5. We are now on 21 April and the Court is being invited to deal with some rather startling and certainly expensive interlocutory matters that are said to arise from the settlement and the continuing conduct of the third-party claim.
6. Following the settlement, Barclays produced an amended third-party points of claim and an amended reply, the primary purpose of which was to advance the claim against Afras and Kumar under a different section of the Law of Obligations, No. 5 of 2005. That is a point which I will elaborate a little more detail in a moment.
7. Before the application to amend was in play, those acting for Afras and Kumar busied themselves in first of all seeking to strike out in its entirety the whole of the third party claim on the grounds that it relied upon a part of the Law of Obligations which was no longer applicable and secondly seeking an adjournment of the trial to some unspecified date later in the year. This adjournment was said to be needed for the purposes of taking stock of the litigation, ascertaining and obtaining statements from additional witnesses, unearthing additional documents and even seeking expert opinions.
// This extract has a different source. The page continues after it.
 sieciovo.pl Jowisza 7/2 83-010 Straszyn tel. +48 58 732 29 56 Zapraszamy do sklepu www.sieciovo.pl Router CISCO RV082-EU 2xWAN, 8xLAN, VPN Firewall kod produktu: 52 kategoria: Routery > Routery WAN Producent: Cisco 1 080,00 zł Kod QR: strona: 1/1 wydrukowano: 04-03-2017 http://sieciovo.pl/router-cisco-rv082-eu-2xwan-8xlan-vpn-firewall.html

8. When thereafter proposed amended statements of claim and reply were served, the Defendants took the line that the court should not give leave to amend or, if it did give leave, such would be an added reason to adjourn the whole case.
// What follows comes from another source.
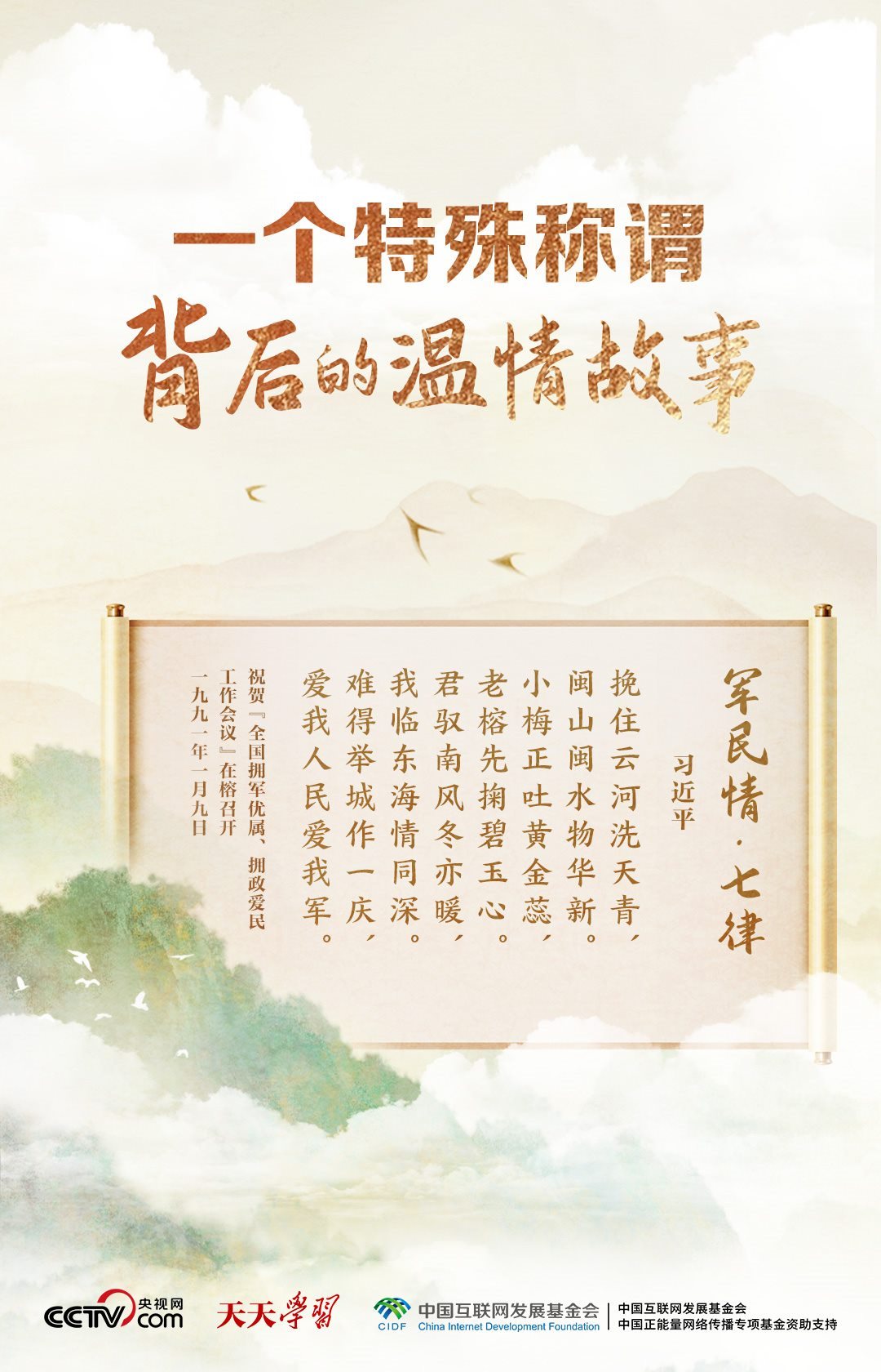 當年在福州工作時,習近平曾賦詩《軍民情·七律》,表達了他對軍隊的深情:“君馭南風冬亦暖,我臨東海情同深。難得舉城作一慶,愛我人民愛我軍。”

9. Unquestionably, the Court approaches an application for an adjournment in these circumstances with a considerable degree of caution if not scepticism. The Court has reserved a considerable period of time for the benefit of the parties. The case is at least largely ready for trial, whatever view the third party Defendants may have of it, counsel have been instructed and have flown into the jurisdiction and skeleton arguments have been exchanged. The expense of an adjournment would be very substantial indeed and the Court should only contemplate it if it really is necessary to achieve justice between the parties.
10. The focus of much of the debate before me has, as I have already indicated, been the significance of the amendment to introduce a different section of the Law of Obligations. The contribution claim being made by Barclays was originally based upon article 14(1), to the effect that:
“A person who is liable under this Law for any loss may recover contribution from any other person who is liable in respect of the same loss.”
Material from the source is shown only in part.